** Task requirements **
Restate the whole of the data below word for word, skipping the images.

** Collected material **
Content starts

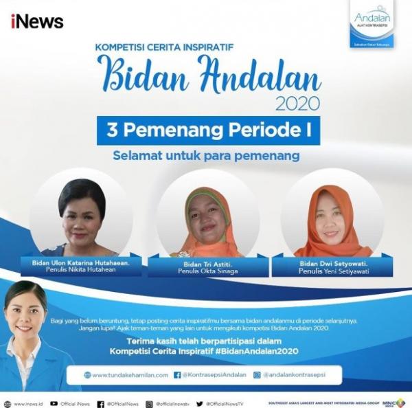 Dalam kompetisi ini, para peserta membagikan cerita menarik bersama bidan inspiratif yang telah memberikan kontribusi positif kepada masyarakat atau lingkungan. Setelah dewan juri menimbang, akhirnya terpilih para pemenang dari kategori penulis dan bidan Andalan Inspiratif 2020 untuk periode pertama yakni:
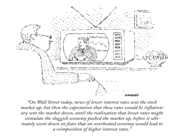 投资者能够对几乎任意一条新闻进行解读,正面还是负面取决于报道方式和他们的心情,这是关键所在。(下面的漫画,我一直以来的最爱之一,是几十年前出版的,看看那些天线和电视机柜的深度,但显而易见,文字说明才与这一刻的主题有关。)
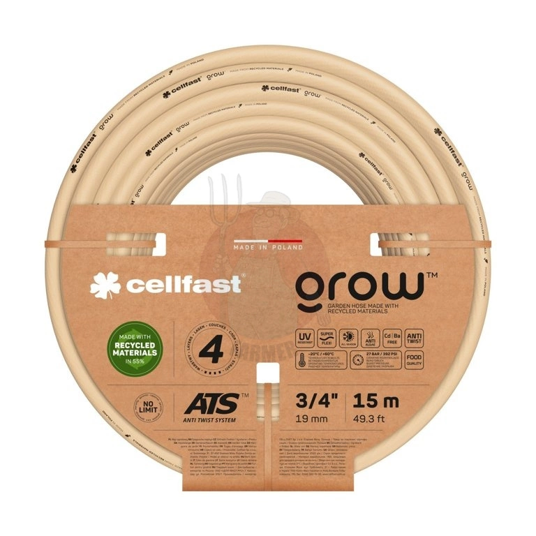 Wąż ogrodowy GROW, dzięki zastosowaniu wysokiej jakości materiałów, cechuje się maksymalną wytrzymałością na ciśnienie wody wynoszące 27 bar, odpornością na promieniowanie UV oraz temperatury robocze w zakresie od -20°C do +60°C, dlatego można użytkować go przez wszystkie sezony. Wyróżnia go także odporność na osadzanie się glonów w jego wnętrzu i promieniowanie UV.
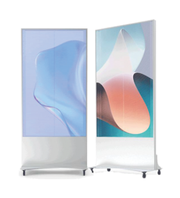 DG01-A5F0818 floor-to-ceiling transparent all-in-one machine, ultra-thin box, high flatness to make the picture more clear and bright. No need to install, movable.

Content ends

** Answer to the problem **
 Dalam kompetisi ini, para peserta membagikan cerita menarik bersama bidan inspiratif yang telah memberikan kontribusi positif kepada masyarakat atau lingkungan. Setelah dewan juri menimbang, akhirnya terpilih para pemenang dari kategori penulis dan bidan Andalan Inspiratif 2020 untuk periode pertama yakni:
 投资者能够对几乎任意一条新闻进行解读,正面还是负面取决于报道方式和他们的心情,这是关键所在。(下面的漫画,我一直以来的最爱之一,是几十年前出版的,看看那些天线和电视机柜的深度,但显而易见,文字说明才与这一刻的主题有关。)
 Wąż ogrodowy GROW, dzięki zastosowaniu wysokiej jakości materiałów, cechuje się maksymalną wytrzymałością na ciśnienie wody wynoszące 27 bar, odpornością na promieniowanie UV oraz temperatury robocze w zakresie od -20°C do +60°C, dlatego można użytkować go przez wszystkie sezony. Wyróżnia go także odporność na osadzanie się glonów w jego wnętrzu i promieniowanie UV.
 DG01-A5F0818 floor-to-ceiling transparent all-in-one machine, ultra-thin box, high flatness to make the picture more clear and bright. No need to install, movable.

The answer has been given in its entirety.